Apkarian hypothesizes that each painful condition will produce a unique signature in the brain, and if other medical conditions coexist (e.g., anxiety or depression), then brain imaging techniques will be able to pick them up as well. For example, with the use of magnetic resonance spectroscopy (MRS) and functional MRI (fMRI), he has shown that the brain alterations in a person with low back pain and anxiety will look distinctly different from a person with low back pain or anxiety alone, or neither condition.1 In other words, Apkarian and others in the field are beginning to show the individual impact of each disorder on altered brain function. What about recent findings in people with fibromyalgia? A few impressive studies are highlighted below.

  • Richard Gracely, Ph.D., and Daniel Clauw, M.D., of the University of Michigan in Ann Arbor, used fMRI to study fibromyalgia patients with and without depression.2 They found that different areas of the brain were activated when patients processed the sensory dimension of pain as opposed to those that were activated for depression (viewed as the affective component of pain because it has to do with how much emotional relevance a person attaches to their pain). They concluded, “Evaluation of these sensory and affective dimensions in patients with chronic pain is likely to improve diagnosis, choice of treatment, and treatment efficacy.”
  • The above findings are highly relevant in light of the common prescription of antidepressants for treating fibromyalgia. A 12-week treatment trial of the antidepressant, Effexor, revealed that fibromyalgia patients with depression benefited with improved mood.3 However, the pain of fibromyalgia was unfazed by the drug.
  • A separate report by Gracely and Clauw’s team measured the response to experimental pain stimuli in fibromyalgia patients and healthy controls.4 Interestingly, the healthy controls rated the stimuli to be significantly more unpleasant than the patients. Distress, anxiety or depression did not influence the patient’s unpleasantness ratings. The study’s authors suggest that the presence of chronic pain can alter one’s perception of experimental pain (perhaps as part of the brain’s reorganization process), which may pale in comparison to the day-to-day pain of fibromyalgia.
  • Ali Gur, M.D., of Turkey found an important cytokine chemical, IL-8, to be elevated in patients with fibromyalgia.5 Correlating this chemical with brain function, he found that fibromyalgia patients with little to no depression had higher IL-8 levels and more impaired brain blood flow than those with severe depression. In keeping with the concept that fibromyalgia and depression cause different alterations in brain function, Gur was able to tease out the chemical change caused by fibromyalgia (IL-8) and the compounding issue of feeling depressed.

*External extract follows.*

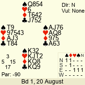 Con | Dc | Res | Score | Ld | Pairs | Rd | Tbl | 1 NT | W | = | -90 | 7 | 05 - 02 | 4 | 5 |
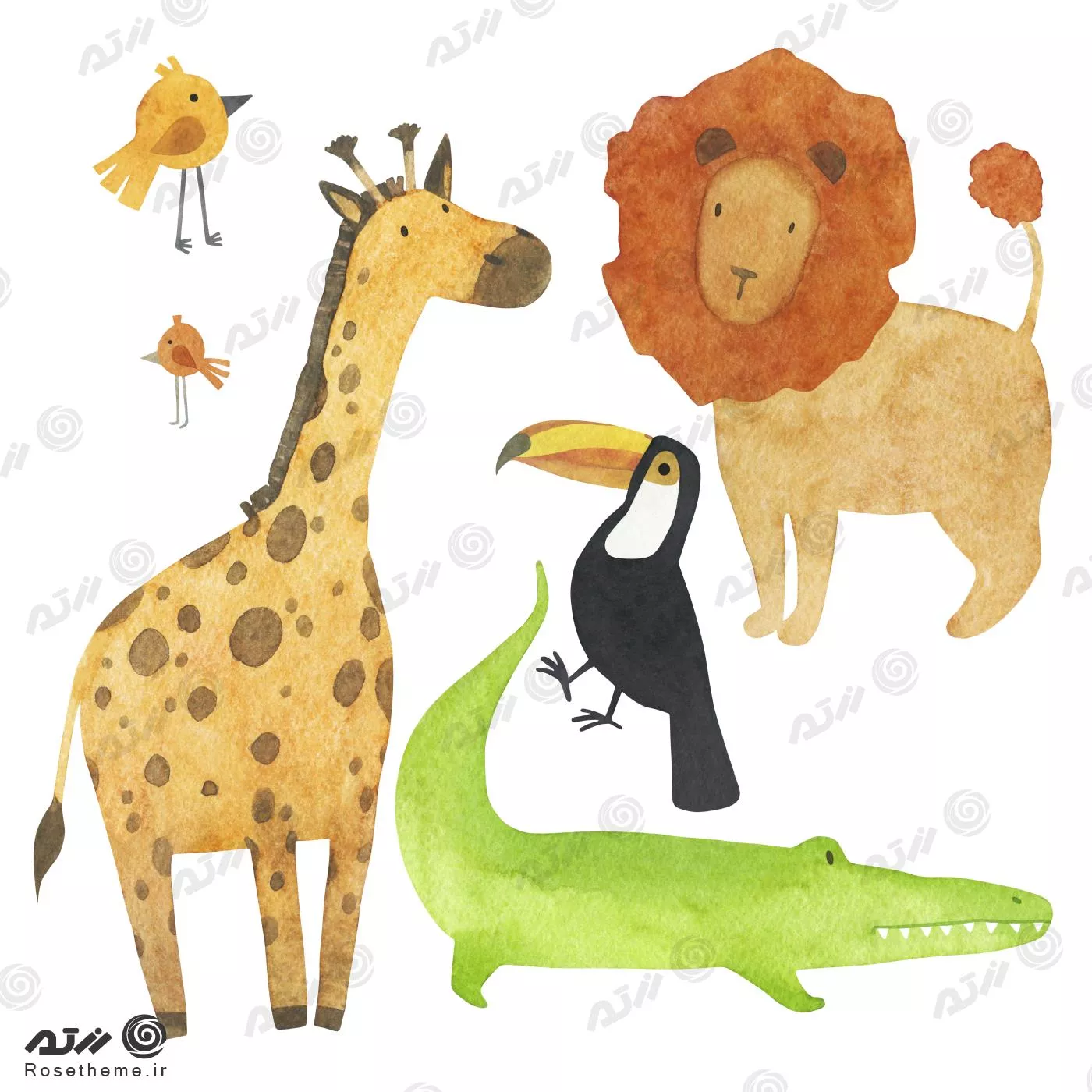 عکس با کیفیت مجموعه آبرنگ با حیوانات ساوانای آفریقایی روی پس زمینه سفید 27320

In reference to the advances in technology, Apkarian and colleagues write: “We fully expect that the next generation of brain imaging studies of pain will impact clinical practice and thus contribute to decreasing pain in society.”6 How realistic is this projection? Very! Apkarian published a report this year showing how a single dose of an anti-inflammatory drug produced objective improvements in arthritis and a corresponding change in brain chemistry.7

Go to the Research page in the Basic Info section of this site to obtain an overview of studies and findings.

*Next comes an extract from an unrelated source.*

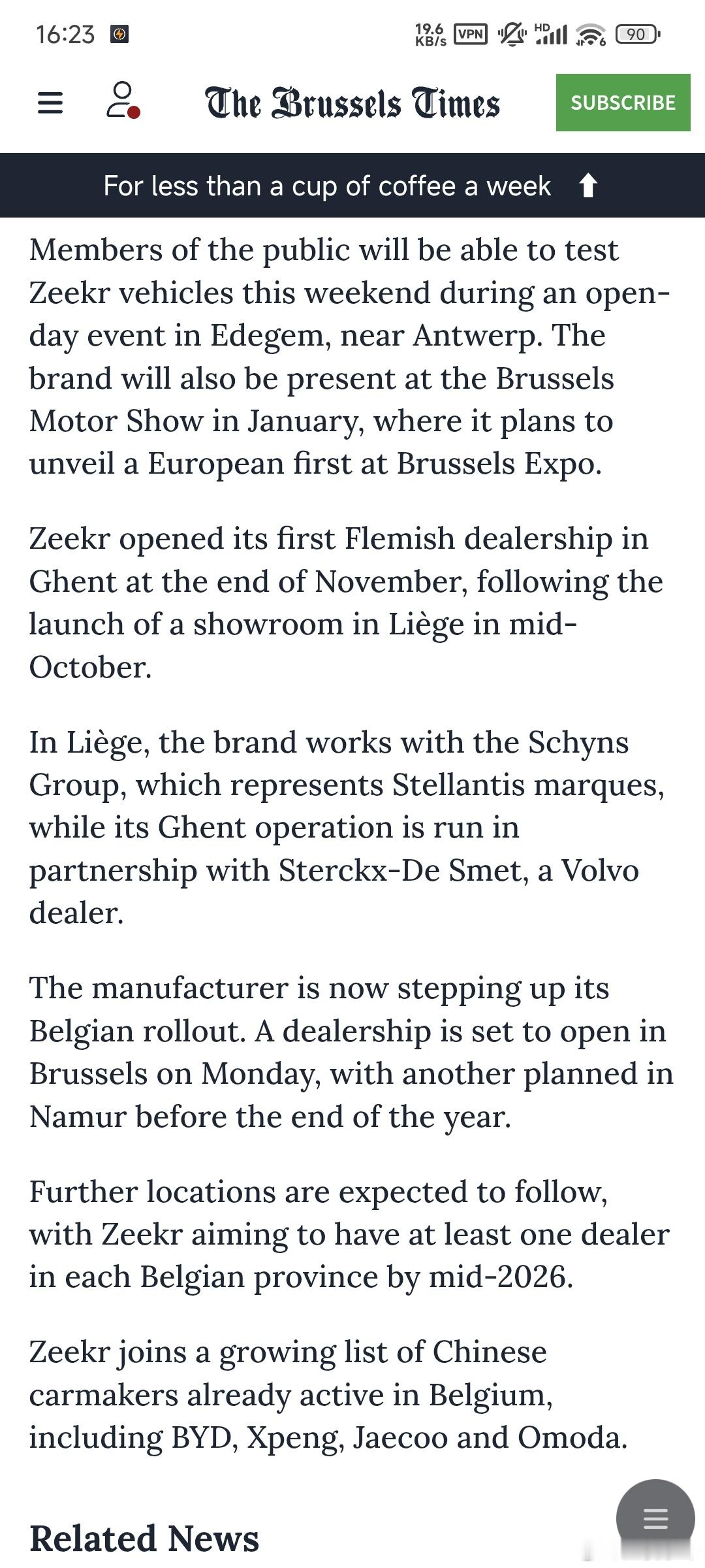 看看极氪这排面,在比利时布鲁塞尔时报的内容中没有使用车型照片,而是一个大LOGO

1. Grachev ID, et al. J Neural Transm 109(10):1309-34, 2002.
2. Giesecke T, et al. Arthritis Rheum 52(5): 1577-84, 2005.
3. Sayar K, et al. Psychosomatics 46(4):340-4, 2005.
4. Petzke F, et al. Eur J Pain 9:325-35, 2005.
5. Gur A, et al. Clin Exp Rheumatol 20(6):753-60, 2002.
6. Apkarian AV, et al. Eur J Pain 9(4):463-84, 2005.
7. Baliki MN, et al. Mol Pain 1(1):32, 2005.